If you want to learn more about the relation between the Apache Kafka open source ecosystem and Machine Learning, please check out these two blog posts:
- How to Build and Deploy Scalable Machine Learning in Production with Apache Kafka
- Using Apache Kafka to Drive Cutting-Edge Machine Learning
Let’s quickly describe these components and then take a look at the combination of them in a Jupyter notebook.
Python, Jupyter Notebook, Machine Learning / Deep Learning
Jupyter exists to develop open-source software, open-standards, and services for interactive computing across dozens of programming languages. Therefore, it is a great tool to build analytic models using Python and machine learning / deep learning frameworks like TensorFlow.
Using Jupyter notebooks (or similar tools like Google’s Colab or Hortonworks’ Zeppelin) together with Python and your favorite ML framework (TensorFlow, PyTorch, MXNet, H2O, “you-name-it”) is the best and easiest way to do prototyping and building demos.

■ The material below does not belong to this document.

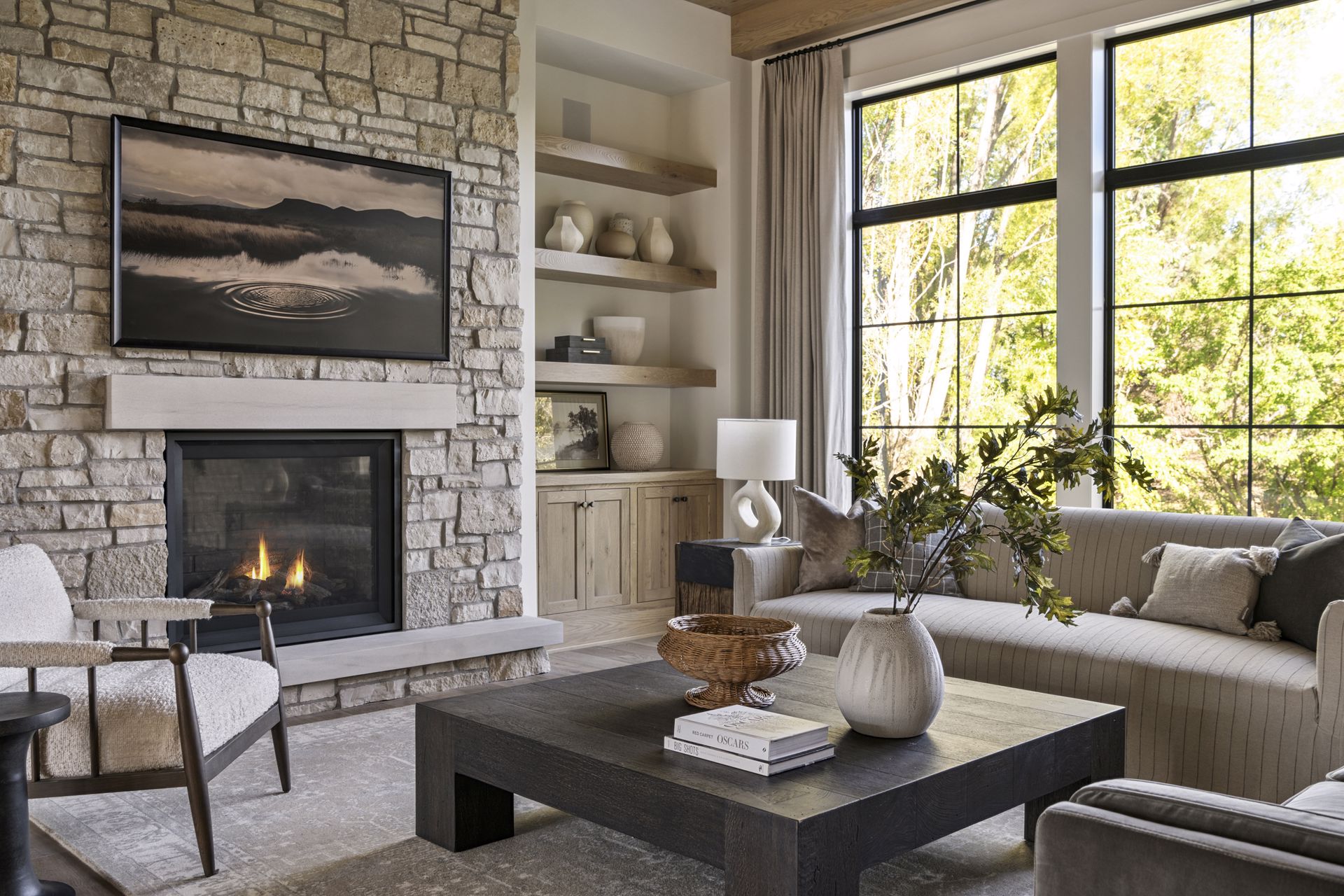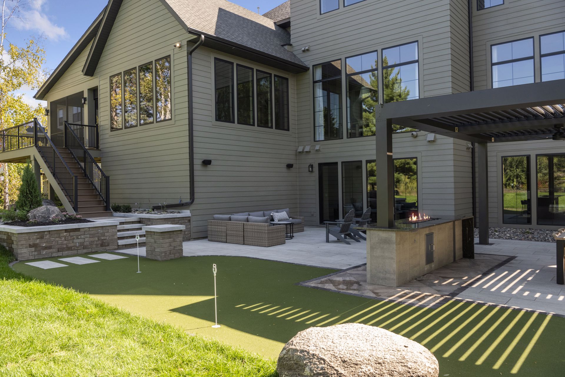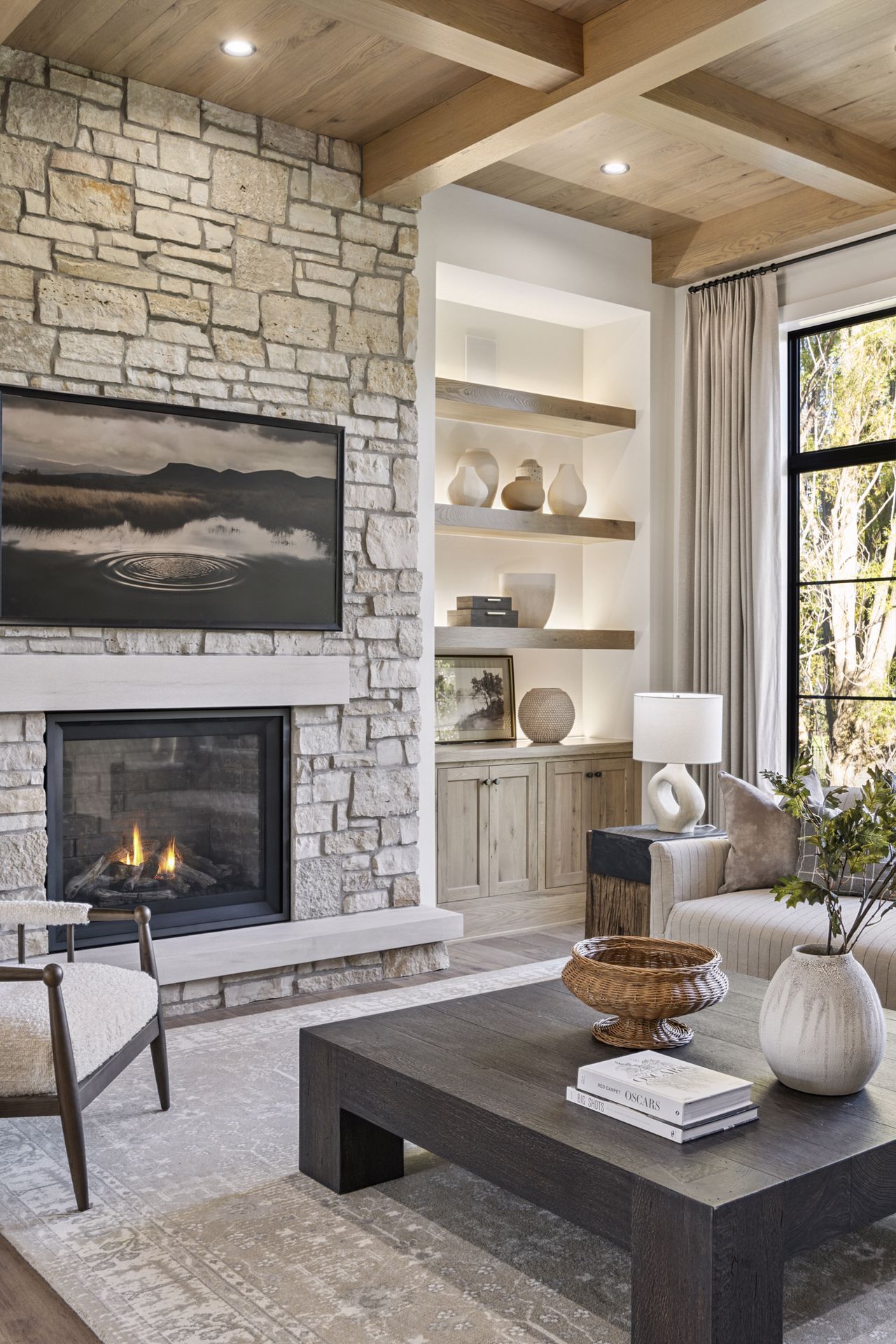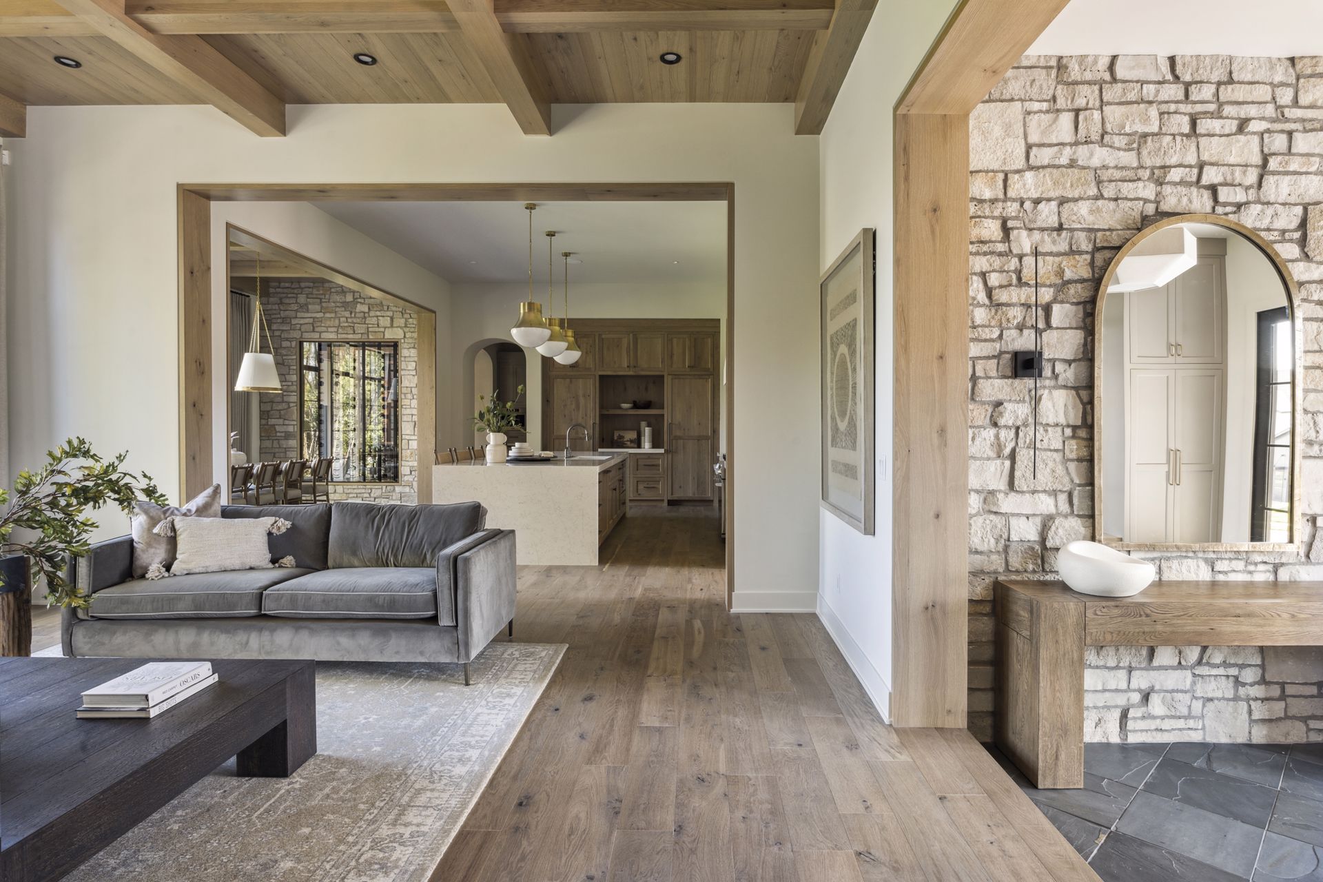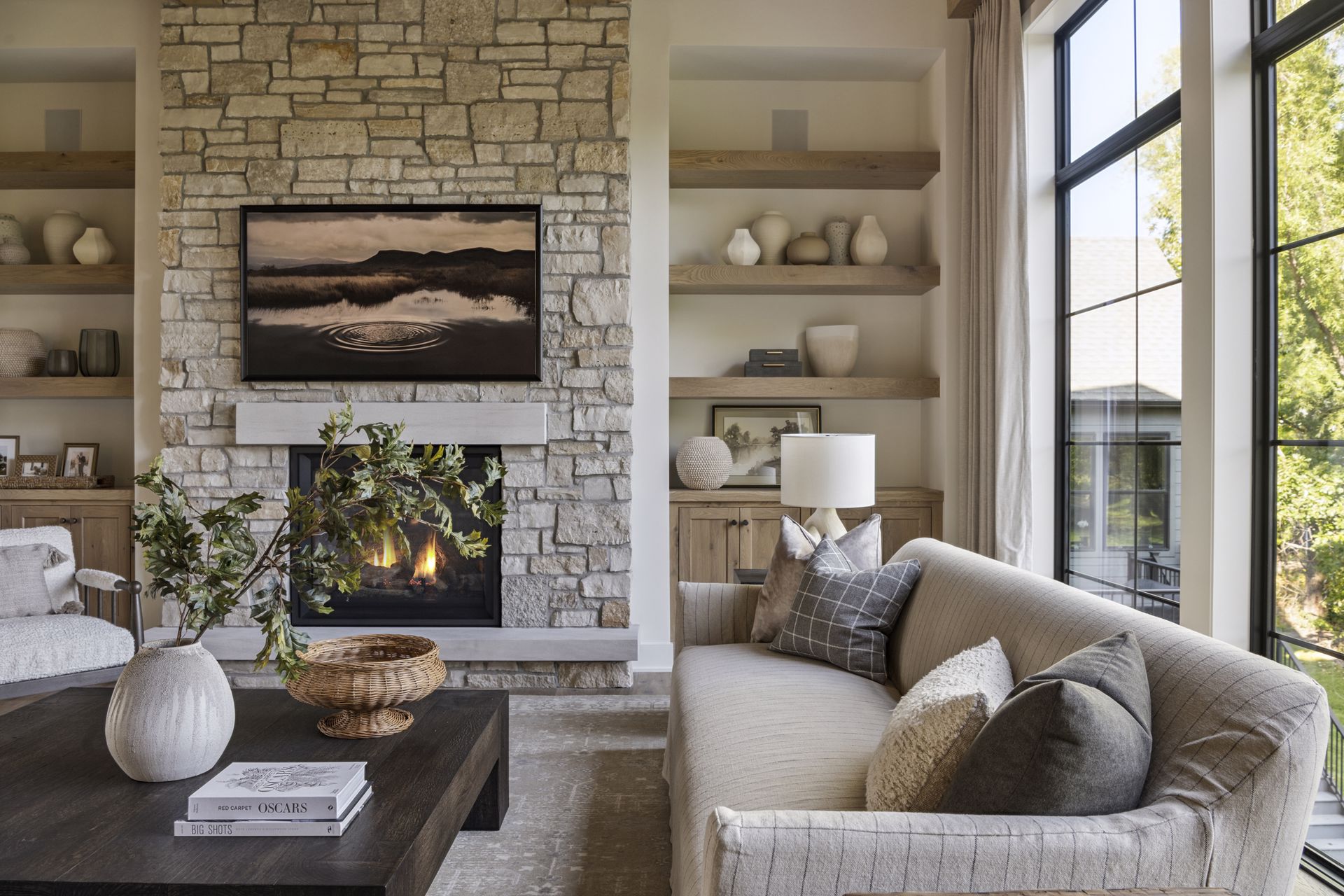 - Guests are greeted with a large Entry featuring natural stone accent walls, custom built-in cabinetry and front facing grand staircase with windows galore and a 3-story overlook in front of the glass.

However, building prototypes or even sophisticated analytic models in a Jupyter notebook with Python is a different challenge than building a scalable, reliable and performant machine learning infrastructure. I always refer to the great paper Hidden Technical Debt in Machine Learning Systems for this discussion:
Think about use cases where you CANNOT go into production without large scale. For instance, connected car infrastructures, payment and fraud detection systems or global web applications with millions of users. This is where the Apache Kafka ecosystem comes into play.
Apache Kafka and KSQL
Apache Kafka is an open-source stream-processing software platform developed by Linkedin and donated to Apache Software Foundation. It is written in Scala and Java. The project aims to provide a unified, high-throughput, low-latency streaming platform for handling and processing real-time data feeds.
Confluent KSQL is the streaming SQL engine that enables real-time data processing against Apache Kafka. It provides an easy-to-use, yet powerful interactive SQL interface for stream processing on Kafka; without the need to write code in a programming language such as Java or Python. KSQL is scalable, elastic, fault-tolerant. It supports a wide range of streaming operations, for example data filtering, transformations, aggregations, joins, windowing, and sessionization.
Check out these slides and video recording from my talk at Big Data Spain 2018 in Madrid if you want to learn more about KSQL.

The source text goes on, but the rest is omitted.